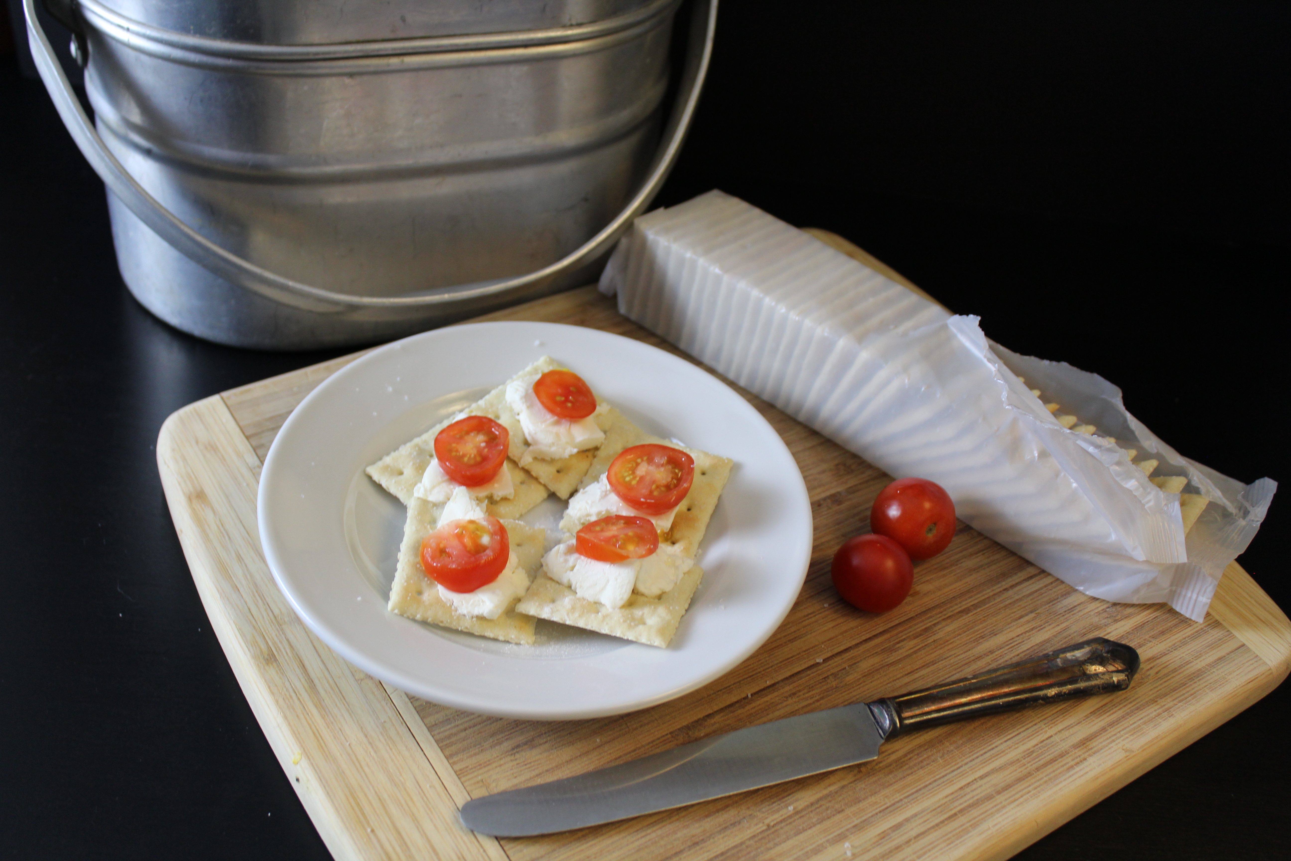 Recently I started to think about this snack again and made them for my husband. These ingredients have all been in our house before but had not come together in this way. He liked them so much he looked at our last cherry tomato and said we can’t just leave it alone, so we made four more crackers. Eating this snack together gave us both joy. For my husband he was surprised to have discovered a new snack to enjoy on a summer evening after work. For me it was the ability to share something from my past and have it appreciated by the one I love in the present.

####################

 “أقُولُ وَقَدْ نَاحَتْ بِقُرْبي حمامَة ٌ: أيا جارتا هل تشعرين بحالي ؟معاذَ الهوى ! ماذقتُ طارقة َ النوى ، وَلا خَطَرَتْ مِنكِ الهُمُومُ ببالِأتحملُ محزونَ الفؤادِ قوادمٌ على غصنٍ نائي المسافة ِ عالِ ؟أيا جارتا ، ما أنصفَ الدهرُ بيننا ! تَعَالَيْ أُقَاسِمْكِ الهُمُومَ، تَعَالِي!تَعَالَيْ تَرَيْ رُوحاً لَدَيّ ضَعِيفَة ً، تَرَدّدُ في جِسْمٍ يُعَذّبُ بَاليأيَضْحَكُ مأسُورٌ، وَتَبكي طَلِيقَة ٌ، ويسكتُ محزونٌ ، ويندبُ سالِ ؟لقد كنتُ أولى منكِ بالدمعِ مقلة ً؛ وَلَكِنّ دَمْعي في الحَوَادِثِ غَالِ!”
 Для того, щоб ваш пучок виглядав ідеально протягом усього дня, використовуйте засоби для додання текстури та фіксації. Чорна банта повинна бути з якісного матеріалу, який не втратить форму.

####################

PROBLEM: In the entries above, find the line with "وَقَدْ نَاحَتْ بِقُرْبي" and the line with "Для того, щоб", then restate word for word both of them and every line between, with nothing more.

EXERCISE SOLUTION:
 “أقُولُ وَقَدْ نَاحَتْ بِقُرْبي حمامَة ٌ: أيا جارتا هل تشعرين بحالي ؟معاذَ الهوى ! ماذقتُ طارقة َ النوى ، وَلا خَطَرَتْ مِنكِ الهُمُومُ ببالِأتحملُ محزونَ الفؤادِ قوادمٌ على غصنٍ نائي المسافة ِ عالِ ؟أيا جارتا ، ما أنصفَ الدهرُ بيننا ! تَعَالَيْ أُقَاسِمْكِ الهُمُومَ، تَعَالِي!تَعَالَيْ تَرَيْ رُوحاً لَدَيّ ضَعِيفَة ً، تَرَدّدُ في جِسْمٍ يُعَذّبُ بَاليأيَضْحَكُ مأسُورٌ، وَتَبكي طَلِيقَة ٌ، ويسكتُ محزونٌ ، ويندبُ سالِ ؟لقد كنتُ أولى منكِ بالدمعِ مقلة ً؛ وَلَكِنّ دَمْعي في الحَوَادِثِ غَالِ!”
 Для того, щоб ваш пучок виглядав ідеально протягом усього дня, використовуйте засоби для додання текстури та фіксації. Чорна банта повинна бути з якісного матеріалу, який не втратить форму.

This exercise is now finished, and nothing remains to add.